▶ [Supplied material]
################

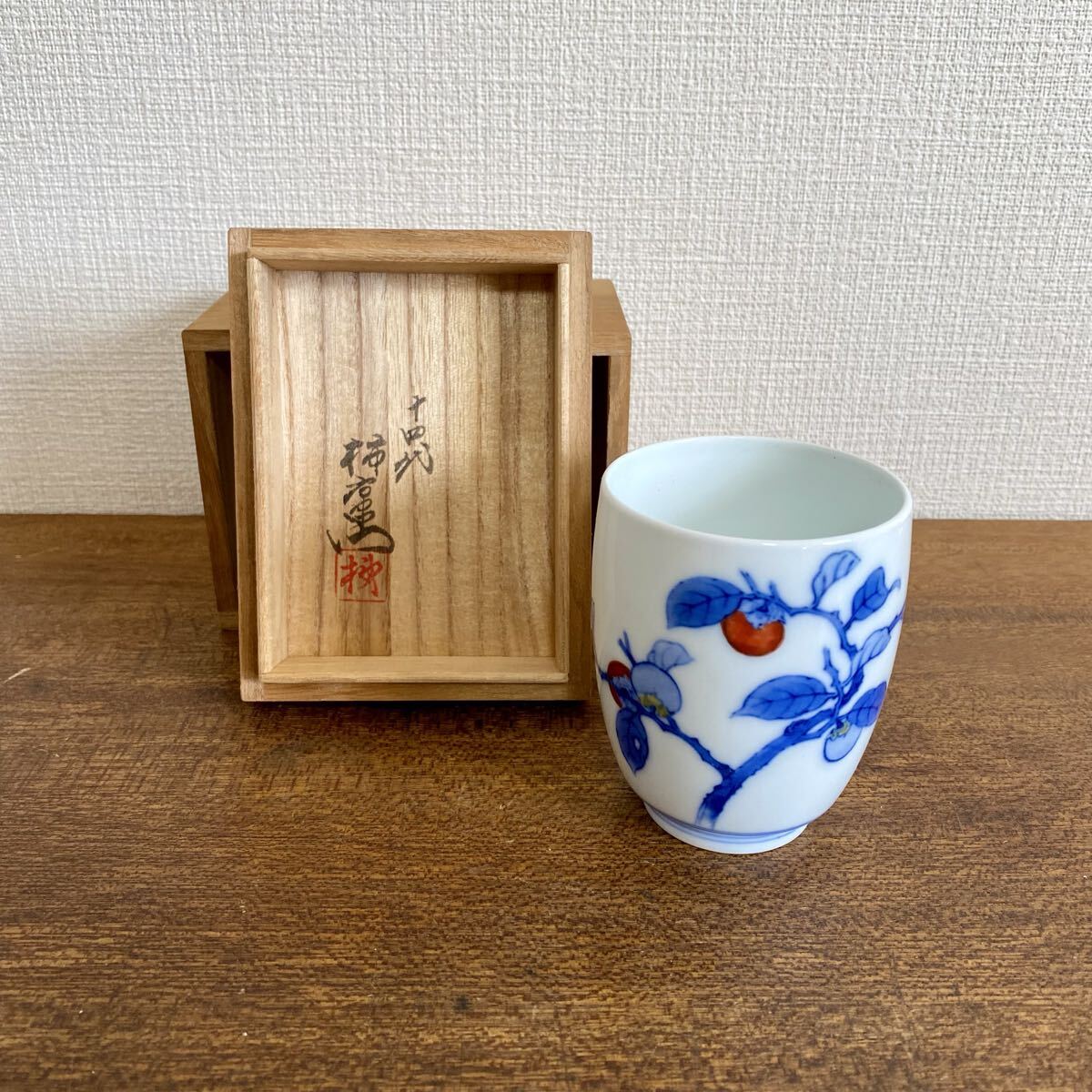 - 十四代 酒井田柿右衛門 染錦 柿文 湯呑 / 人間国宝 有田焼 共箱付き 色絵 湯呑み
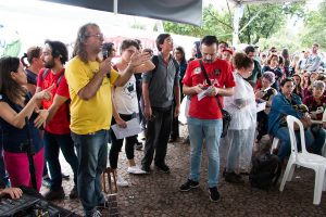 A professora, Carolina Bahia, comenta que se decidiu em assembleia que a paralisação não seria passiva, mas ativa. “Ela não significa um não-trabalho. Trouxemos a UFSC para a praça para esclarecer a infinidade de projetos de extensão que a instituição oferece”. O estudante Leonardo Moretto destaca que a ação de convocar assembleias e recolher assinaturas partiu da iniciativa estudantil diante da possibilidade da universidade ter de fechar as portas em agosto, devido ao corte de 35% do orçamento. Nesse sentido, percebe a importância do ato. “Acho que hoje representa principalmente uma disputa de narrativas, porque a narrativa do governo é dizer que a universidade é balbúrdia, e a gente está aqui para mostrar que não, que a universidade é essencial para Florianópolis e para Santa Catarina”.
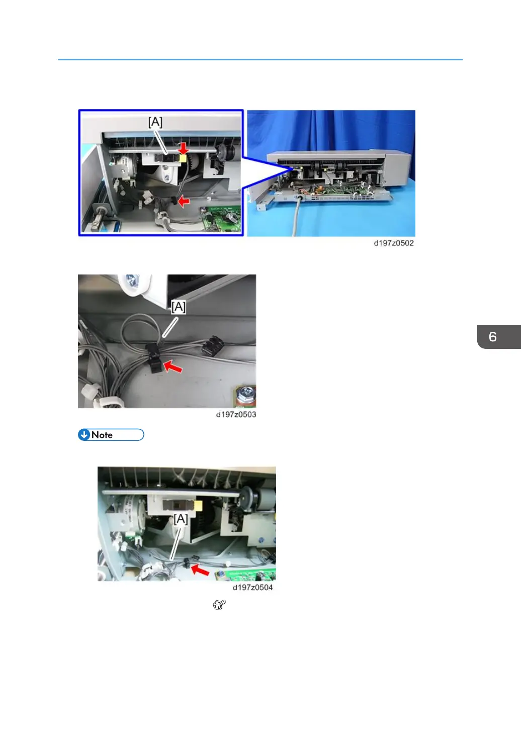 4. Release the clamp and disconnect the harness of the paper exit full sensor 2 (Staple) [A].
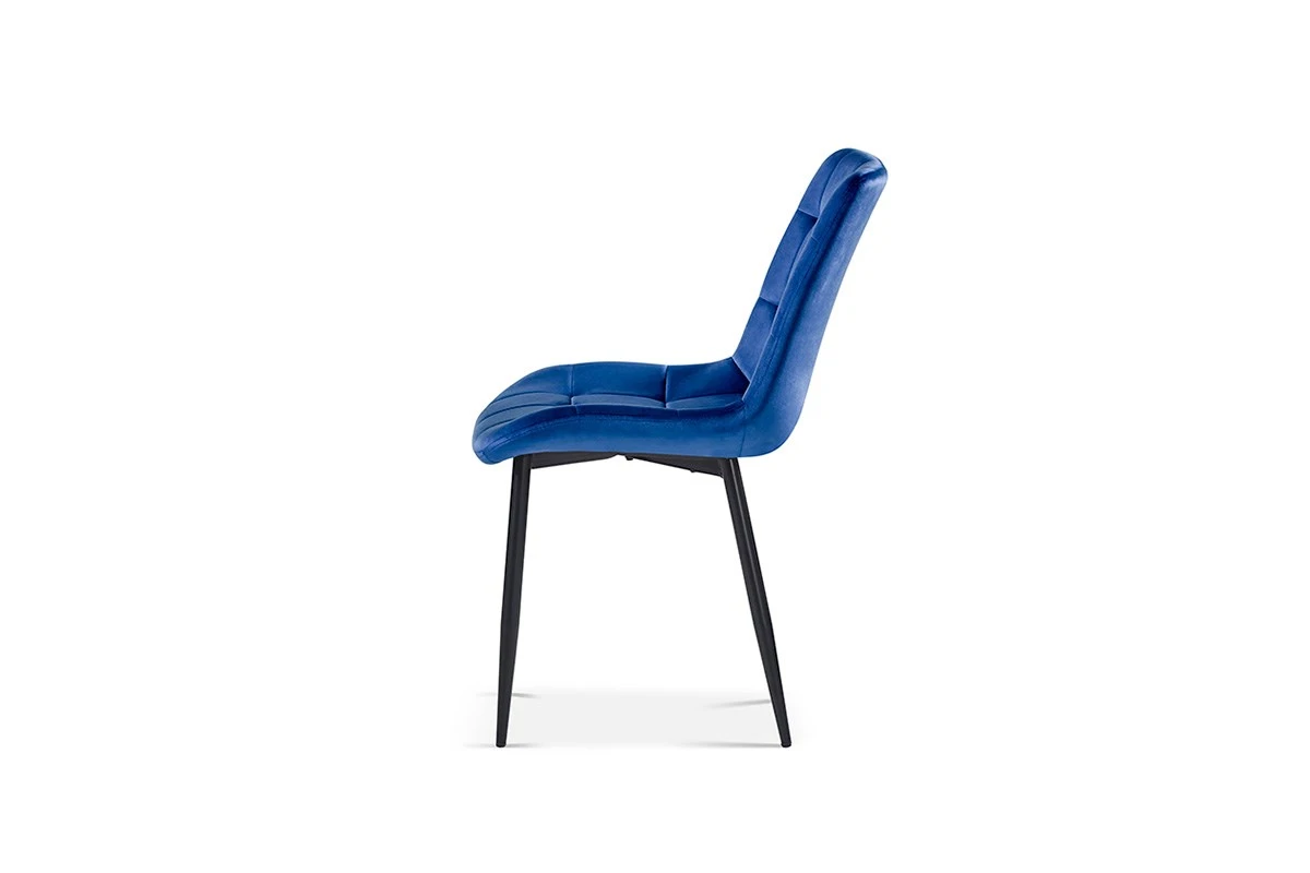 Leuke set van 4 stoelen JUTA die perfect staan in elk interieur. De stoelen zijn gerealiseerd in blauwe stof gecombineerd met zwarte metalen poten.Verstelbare voetdoppen voor stabiliteit. Verkrijgbaar in meerdere kleuren.

################

▶ [What to work on] Every line from the one with "4. Release the" through the last line of the data must be copied exactly. Leave the pictures out.

▶ [Output]
 4. Release the clamp and disconnect the harness of the paper exit full sensor 2 (Staple) [A].
 Leuke set van 4 stoelen JUTA die perfect staan in elk interieur. De stoelen zijn gerealiseerd in blauwe stof gecombineerd met zwarte metalen poten.Verstelbare voetdoppen voor stabiliteit. Verkrijgbaar in meerdere kleuren.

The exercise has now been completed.